Advanced Monitoring for PostgreSQL Using Log Analytics
Published Jan 22 2024 03:15 PM 5,042 Views
Microsoft

Monitoring your database resources is critical to being able to detect issues or opportunities for improvements. When it comes to Azure Database for PostgreSQL Flexible Server, the monitoring story can be a bit overwhelming with multiple different services seeming to offer similar solution. There is often discussion between two services, Azure Monitor Metrics, and Azure Log Analytics . In this blog post, we are going to look at these two services and understand scenarios when you would use them. Let us start by looking at what these services do.

 

Azure Monitor metrics

 

Azure Monitor is a comprehensive solution for collecting, analyzing, and alerting on time-series metrics for services like Azure Postgres. It helps to understand how the service is performing and proactively identifies any issues. There are over 60 Azure Postgres Monitoring Metrics available for monitoring on various database aspect including resource utilization, database activity, replication, saturation, connections etc. Overall, Azure monitor is a powerful tools for the collection, visualization, and alerting on time series metrics. To learn more, refer Azure Monitor Metrics overview.

 

Azure Log Analytics (LA)

 

Azure Log Analytics (LA) is a service that can monitors cloud resources and applications. It allows you to collect and aggregation of logs generated by Azure resources in your cloud and on-premises environments. Further, Log Analytics  provides advanced analytics, monitoring and alerting on logs data.

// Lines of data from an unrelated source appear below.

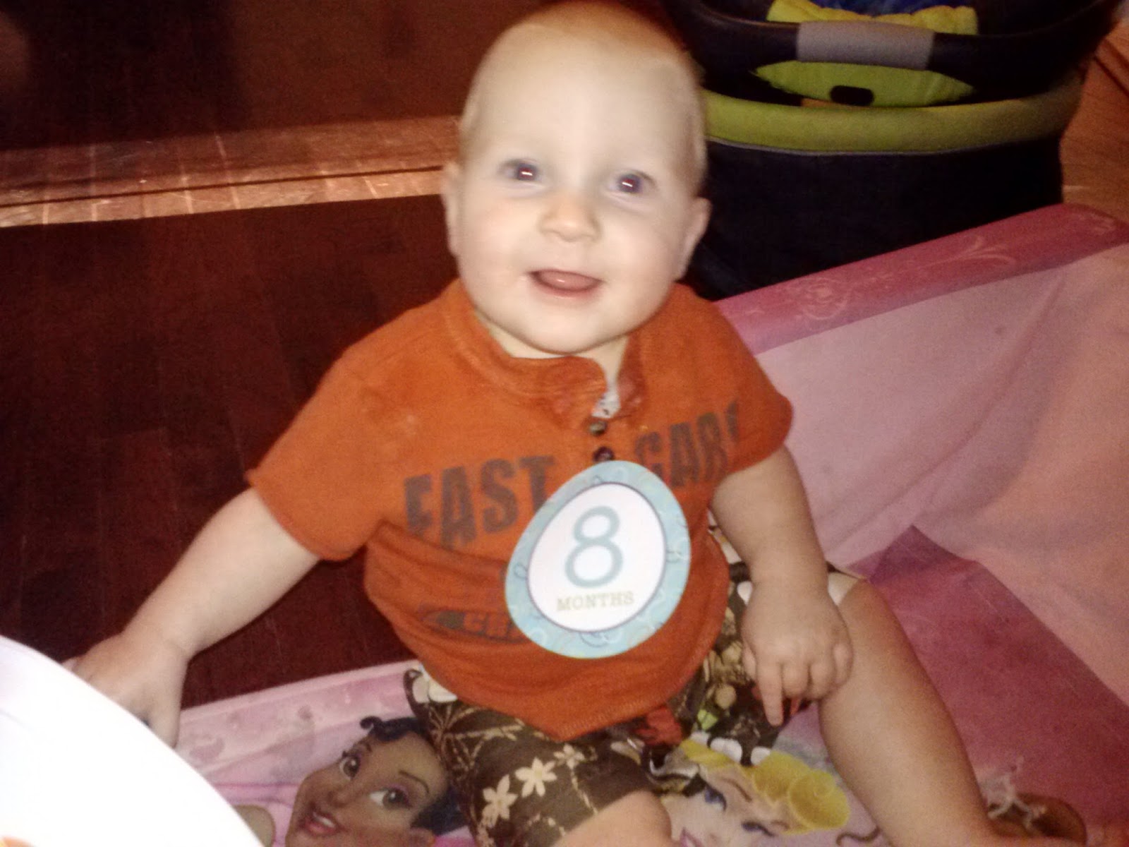 He and Andi play bumper cars together. He is dangerous in it though, plowing over everything. He absolutely loves to play with empty, plastic water bottles. He gets soooo excited when he sees me drinking from one, that he has to have it and will throw a fit for it. It entertains him for a long time, which is nice so I can get things done. The poor guy wants to be running around so bad. He can sit up by himself just fine now, he hasn't learned to get up to sitting from lying down yet. He still does the crunch up.
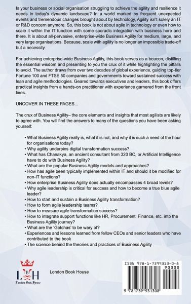 The Crux of Business Agility - What Every CEO and CXO Must Know The resilient way to lead, adapt sustainably, and leapfrog the competition In today's fast-paced and unpredictable business landscape, the ability to adapt swiftly and sustainably is not just a competitive advantage; it's a necessity. "The Crux of Business Agility - What Every CEO and CXO Must Know" is your essential guide to mastering this critical competency. It unlocks untapped profits and releases dormant energy and engagement. Geared towards executives and leaders, this book offers not just the basic theory, but also provides ample practical insights garnered from the frontlines. Authored by an industry expert with over two decades of hands-on experience in transforming top-tier global companies, this book distills the essence of business agility into actionable insights that every senior leader needs. Business Agility is indeed achievable by large enterprises - they can learn from small and nimble startups and act like high-growth software companies. In these pages, discover the core principles of agile leadership and learn how to foster a culture of continuous improvement and innovation across your organization. Explore real-world case studies and proven strategies for overcoming common challenges, from aligning executive teams to driving customer-centric transformations. With practical tools and frameworks, this book equips you to navigate the complexities of modern business, ensuring your enterprise not only survives but thrives. Whether you are facing digital disruption, regulatory changes, or market volatility, "The Crux of Business Agility" offers the guidance you need to stay ahead of the curve. It will help leaders like you to embrace agility, lead with resilience, and propel your organisation to new heights of success. Join the ranks of forward-thinking leaders who have already leveraged these insights to create more adaptive, responsive, and competitive enterprises. Your journey to sustainable leadership and unparalleled business agility starts here.
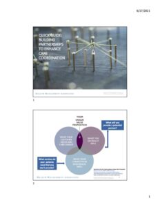This is a short reference guide to developing a structure to enhance the referral experience for providers and service recipients. It covers setting standards for partnership starting with your value proposition. It outlines the continuum of provider relationships from informal agreements through forming a business entity and finally provides initial guidance and further resources for establishing care compacts.
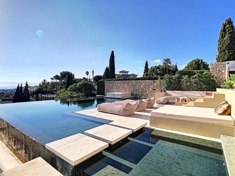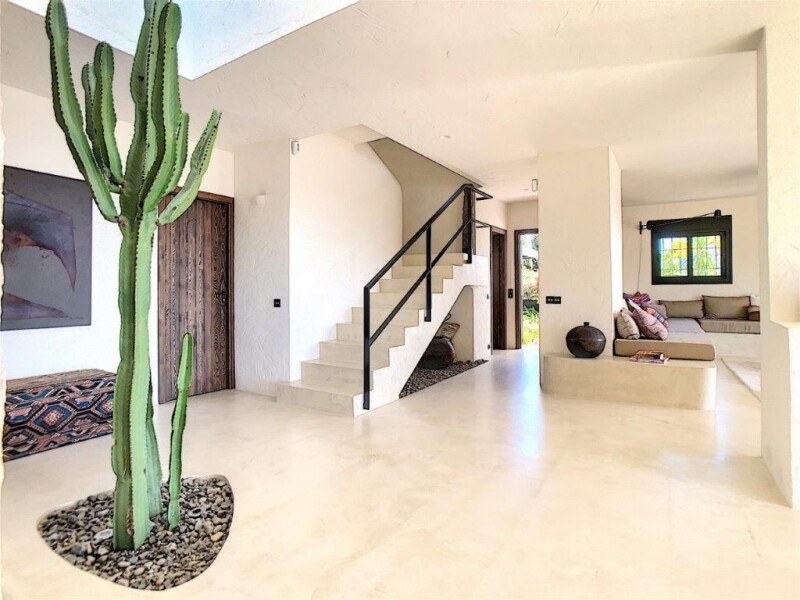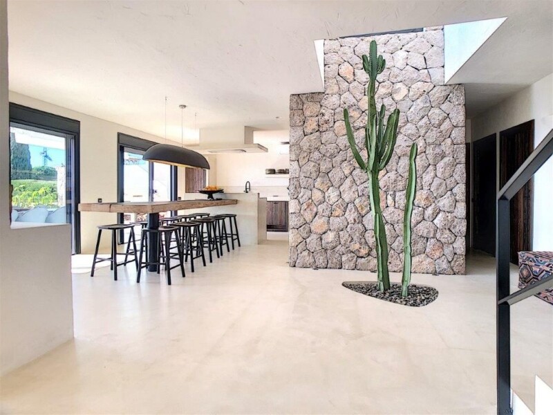 Refurbished designer villa with fabulous sea views from both levels, located in the popular area of El Paraiso Alto, Benahavis. The villa offers an entrance hall with guest cloakroom accessing the open plan living room with working fireplace, skylight tower with cactus, modern open plan kitchen with wooden dining bar, both accessing the large terraces with chill out zones and green infinity swimming pool. All floors and bathrooms are in polished concrete and the villa features new Air Conditioning hot & cold. The master suite on the top has a private terrace. Garage for 2 cars and a carport at the top of the entrance drive. Situated less than1 km from a tennis club, 2 km from the supermarket and the nearest restaurants and less than 2.5 km from the beach, this is a lovely holiday home or permanent residence.

Log Analytics will collect and store your data from various log sources and allow you to query over them using a custom language called Kusto Query Language (KQL).

 

While Azure Monitor metrics focuses on time series data such as performance or resource usage metrics, Azure Log Analytics offers more complex querying and log data analysis. Log Analytics is especially useful for long-term trend analysis and combining data from multiple sources to gain deeper insight into operations and performance across your application stack. To learn more, refer Overview of Log Analytics in Azure Monitor.

 

Combining Metrics with Log Analytics

 

For single-instance monitoring and troubleshooting, Azure Monitor metrics is the go-to tool. Say, if you are having a slowness issue with a database server and you want to go and look at its CPU utilization, you can do this through Azure Monitor using the portal and generate some great charts to learn what is happening now. Also, you can pin this chart to the Azure dashboard and finally, Use the Azure portal to set up alerts on metrics for a specific resource. When debugging a specific issue on a small number of instances Azure monitor is great and will do exactly what is needed.

 

media1_cpu.png

 

However, for complex monitoring tasks such as monitoring a fleet of Azure PostgreSQL instances, Azure Log Analytics offer better capabilities. This becomes invaluable when managing large server fleets, such as analyzing CPU utilization across 100+ servers. With Log Analytics, metrics data from all servers can be consolidated into one single Log Analytics workspace. This aggregation enables comprehensive visualization and alerting on logs using the Kusto Query Language (KQL), simplifying what would otherwise be a daunting task of individually analyzing each server. This approach highlights Log Analytics' strength in handling large-scale detailed data analysis.

Similar to Azure Monitor, Log Analytics (LA) charts can be pinned to the Azure Dashboard for easy access and visualization. With LA, configuring a single alert suffices for monitoring CPU usage across multiple servers, triggering when any server exceeds the set threshold. This approach reduces the need for individual alerts per resource. Integrating Azure Monitor metrics into Log Analytics enhances functionality, offering broader and more detailed monitoring capabilities.

  • Monitoring at scale - Consolidate log entries from multiple Azure subscriptions and tenants.
  • Long-term analysis - Log analytics offers retention for up to 2 years.
  • Metrics correlation – We can query multiple different metrics and display them together to look for correlation.
  • Complex queries – Log analytics leverages Kusto query language which can be used to undertake complex queries over large data series.
  • Query other data – Azure monitor is obviously focused on timeseries metrics, versus with Log Analytics you can collect any sort of log data, including custom logs.

 

Combining Azure Monitor metrics and Azure Log Analytics offers a comprehensive monitoring solution. Azure Monitor provides real-time insights for individual instances, while Log Analytics offers depth for multiple instances. Azure monitor metrics data is stored in AzureMetrics table that holds metrics for all Azure resources. Once the metrics are enabled in the diagnostic settings for a resource, information is stored in this table. In the example below, I am using the below Kusto query on AzureMetrics table to visualize cpu_percent across a fleet of Azure Postgres Flexible Server Instances.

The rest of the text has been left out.